Exercise input |
______

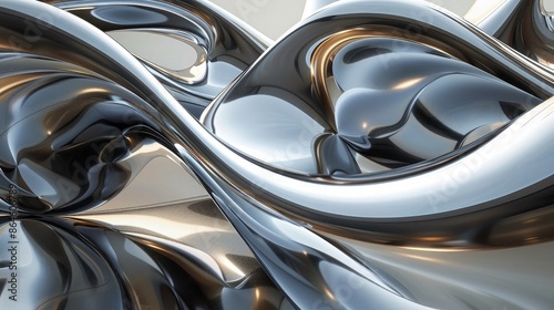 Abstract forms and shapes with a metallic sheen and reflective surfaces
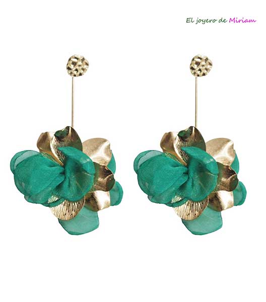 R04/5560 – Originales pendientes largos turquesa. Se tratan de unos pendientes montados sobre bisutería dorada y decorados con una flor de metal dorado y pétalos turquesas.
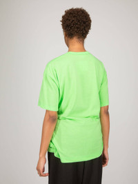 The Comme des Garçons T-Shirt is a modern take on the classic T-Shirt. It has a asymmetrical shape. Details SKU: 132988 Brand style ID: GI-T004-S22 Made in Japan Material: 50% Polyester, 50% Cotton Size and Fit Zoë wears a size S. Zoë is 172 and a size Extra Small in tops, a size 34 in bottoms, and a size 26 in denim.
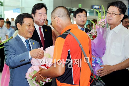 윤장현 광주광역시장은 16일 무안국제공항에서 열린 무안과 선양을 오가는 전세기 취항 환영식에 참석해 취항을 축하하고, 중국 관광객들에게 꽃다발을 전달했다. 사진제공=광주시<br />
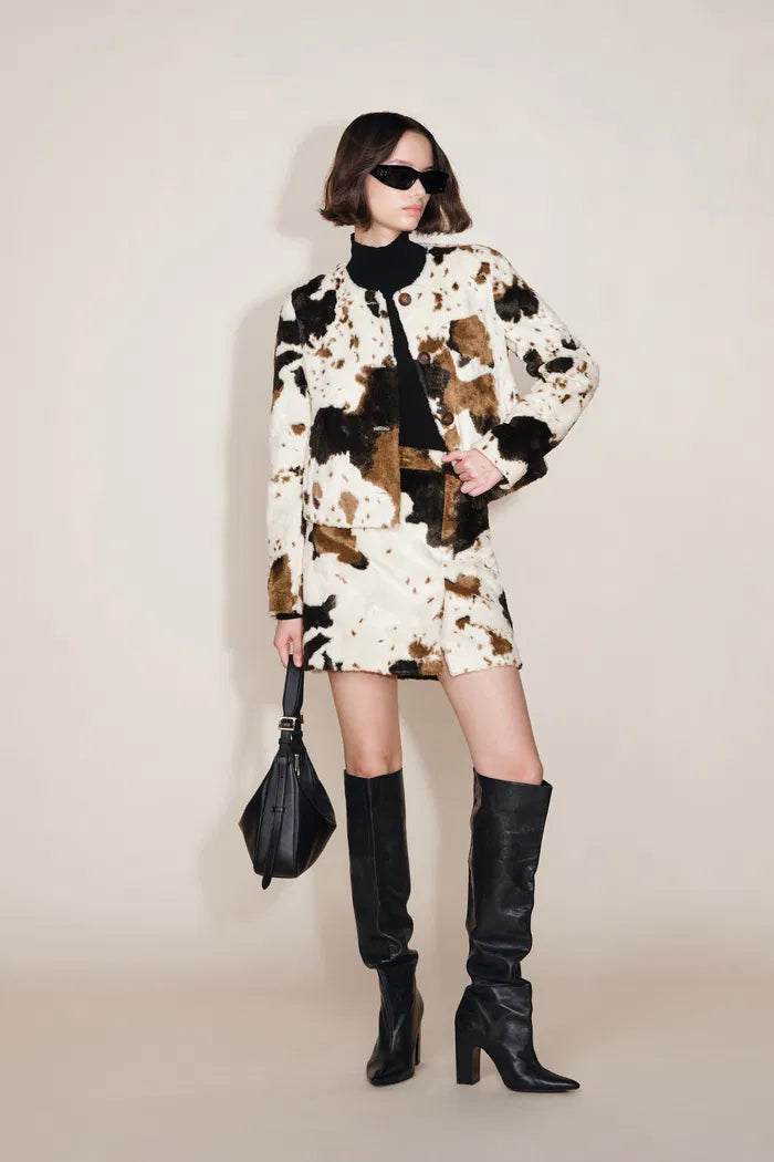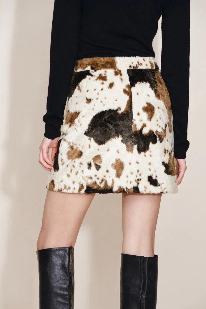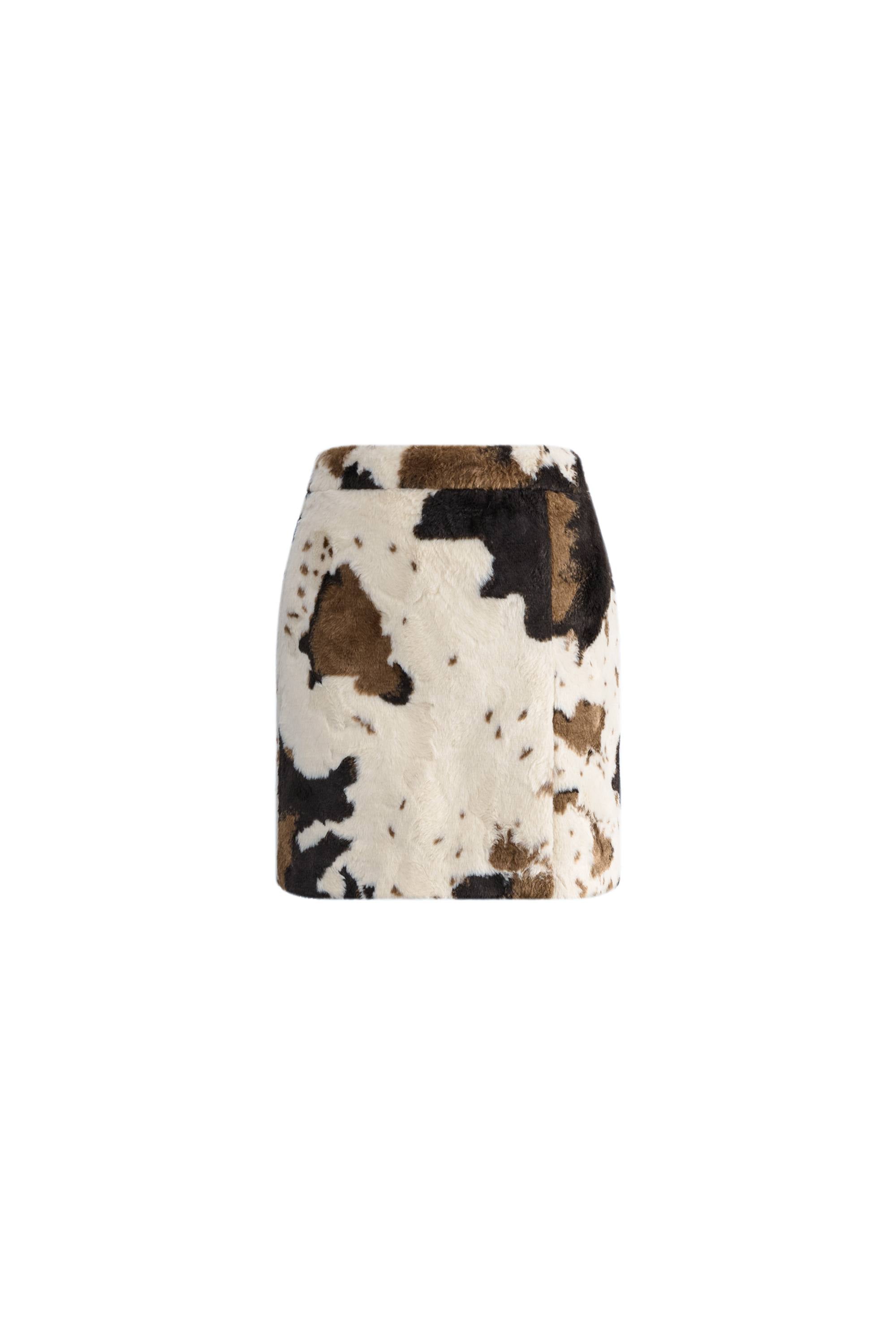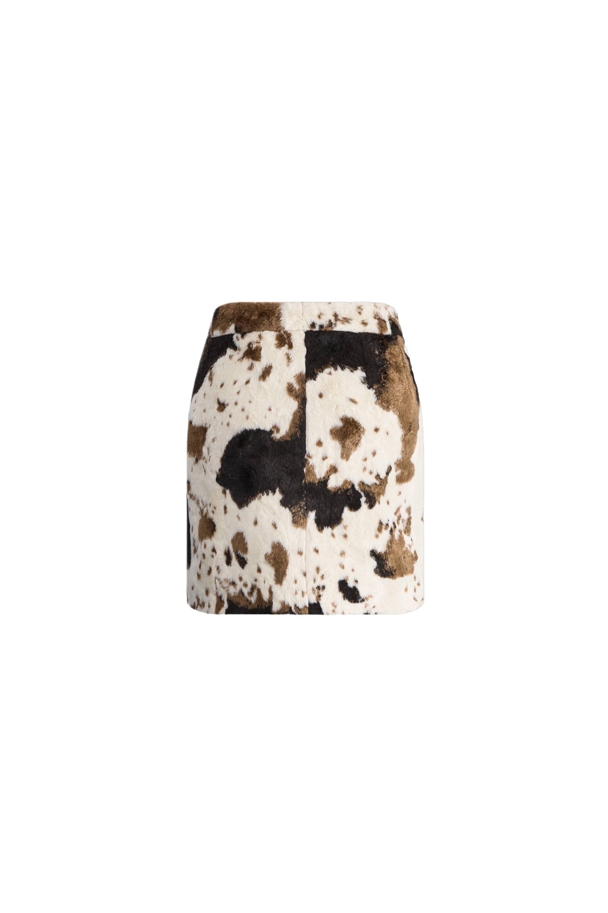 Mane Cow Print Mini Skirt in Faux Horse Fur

______

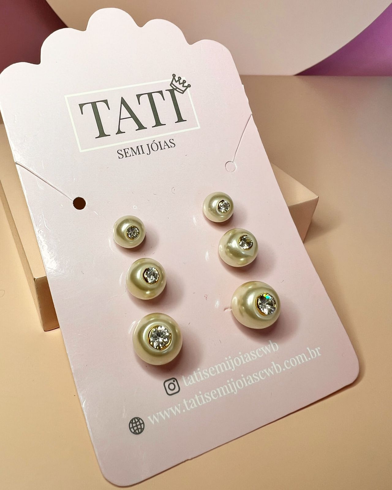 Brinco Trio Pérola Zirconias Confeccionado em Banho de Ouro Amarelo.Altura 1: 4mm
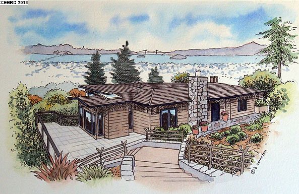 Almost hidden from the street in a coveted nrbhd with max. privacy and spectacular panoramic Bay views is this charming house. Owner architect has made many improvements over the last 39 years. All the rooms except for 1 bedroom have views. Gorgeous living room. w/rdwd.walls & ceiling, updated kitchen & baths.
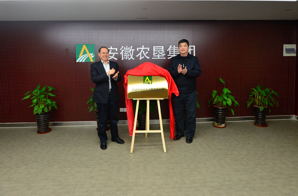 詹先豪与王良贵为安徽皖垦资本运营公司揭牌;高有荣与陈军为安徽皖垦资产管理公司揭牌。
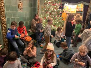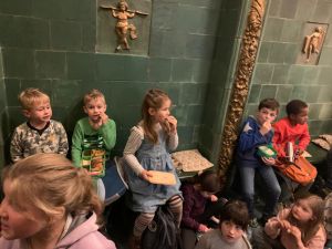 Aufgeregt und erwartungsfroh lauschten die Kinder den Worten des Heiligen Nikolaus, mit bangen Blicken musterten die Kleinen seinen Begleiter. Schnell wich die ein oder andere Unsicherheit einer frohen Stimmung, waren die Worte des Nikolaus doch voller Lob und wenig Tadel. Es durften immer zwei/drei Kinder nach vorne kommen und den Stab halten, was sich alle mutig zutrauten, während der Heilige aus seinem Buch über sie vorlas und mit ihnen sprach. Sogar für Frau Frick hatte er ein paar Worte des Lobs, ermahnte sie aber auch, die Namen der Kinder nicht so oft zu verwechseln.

______

Exercise aim | Nothing but the lines from the one containing "Almost hidden from" through the one containing "詹先豪与王良贵为安徽皖垦资本" should appear, copied exactly from the material above and without pictures.

Reply to the task |
 Almost hidden from the street in a coveted nrbhd with max. privacy and spectacular panoramic Bay views is this charming house. Owner architect has made many improvements over the last 39 years. All the rooms except for 1 bedroom have views. Gorgeous living room. w/rdwd.walls & ceiling, updated kitchen & baths.
 詹先豪与王良贵为安徽皖垦资本运营公司揭牌;高有荣与陈军为安徽皖垦资产管理公司揭牌。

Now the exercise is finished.